Change in US law could cut drugs spending by $30 billion

pharmafile | April 12, 2007 | News story | Sales and Marketing US, reform 

Calls to allow the US government to negotiate drug prices with the pharmaceutical industry have been reawakened by a new report which says it could save $30 billion a year.

The findings from the liberal-leaning Institute for the Americas Future think tank conclude that a change in the US federal law should be made to allow the government to negotiate.

Democrats led by Nancy Pelossi, the speaker of the House of Representatives and a long-term Medicare campaigner, passed legislation in January to remove the provision in The Medicare Modernization Act of 2003 which prohibits the government by law from interfering in negotiations. Senate leaders are now pushing for a vote on the issue.

The US parliamentary upper house the Senate would also have to pass the law for direct price negotiations to begin, something which the US industry and its supporters oppose.

Report co-author Roger Hickey says: "Drug prices are too expensive and the savings from negotiating prices are too great to ignore. Activists across the country are holding Congress feet to the fire. Congress needs to step up to the plate to lower prescription drug prices. The House has taken the first step. Its time for the Senate to follow suit."

US pharmaceutical industry body PhRMA has made its feelings clear on the issue, saying enforced price cuts could stifle innovation among drug companies. Senior vice president Ken Johnson said there was 'overwhelming evidence' that the Medicare programme is working for both old people and taxpayers. "Most troubling is that the policy changes the group seeks – allowing Medicare to negotiate drug prices – threatens to do more harm than good for patients in need of potentially life-saving medicines," he added.

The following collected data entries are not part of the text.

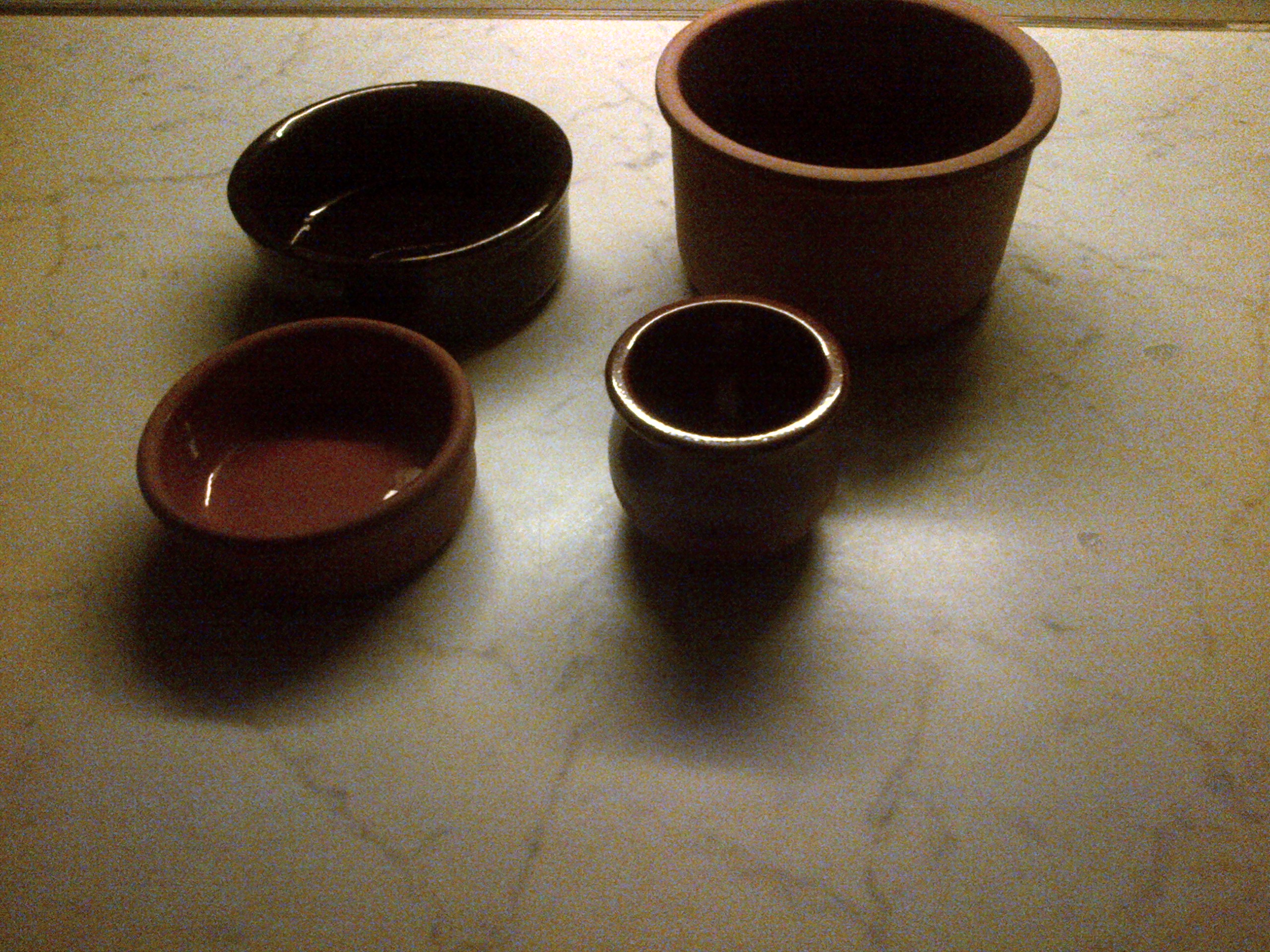 Earthenware çömlek (pots) or "güveç" that are used to make the homonymous Turkish variety of dishes (güveç) like "türlü güveç", "dana güveç", "kuzu güveç", "karides güveç" etc, some of which have entered the cuisines of the neighbouring Balkan countries also.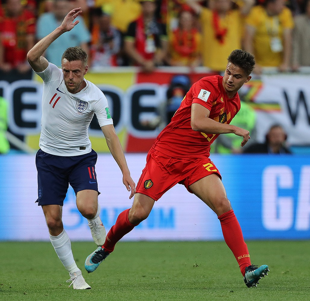 Leander Dendoncker, Jamie Vardy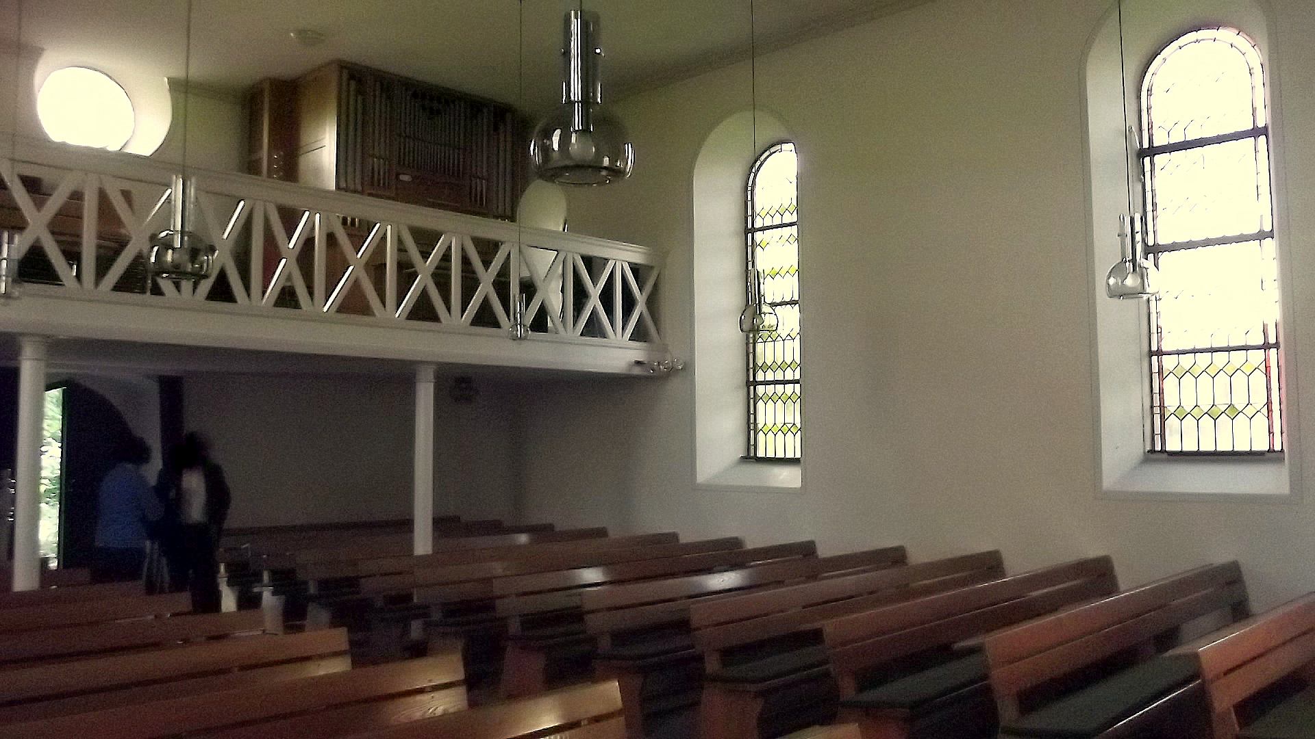 Interior of the protestant church in Dörrenbach, Saarland, Germany

PhRMA said surveys suggest that old people were saving $1,200 a year on their medicines under the existing scheme and believes that competition among Medicare drug plans were responsible for driving down costs. It argues that the non-interference clause of the Medicare Act protects against the government limiting patients' access to medicines they need, without compromising affordability and that government interference would have a negligible effect on federal spending anyway. "The government probably could not negotiate lower costs than the powerful private sector purchasers already negotiating for lower costs," Johnson said.

However, the Democrats wins at mid-term elections last year,  which saw the party claim control of both Houses for the first time in a decade, put campaigners in a potentially powerful position.

Democratic senator Debbie Stabenow, who supports the change, says: "When so many Americans struggle to pay for the prescription drugs they need, it doesn't make sense to prohibit the federal government from negotiating the lowest possible drug prices on behalf of the 44 million seniors and people with disabilities who rely on Medicare."

One activist group, the Change America Now (CAN) Coalition is already planning to put pressure on individual senators to declare their stance on negotiating drug prices.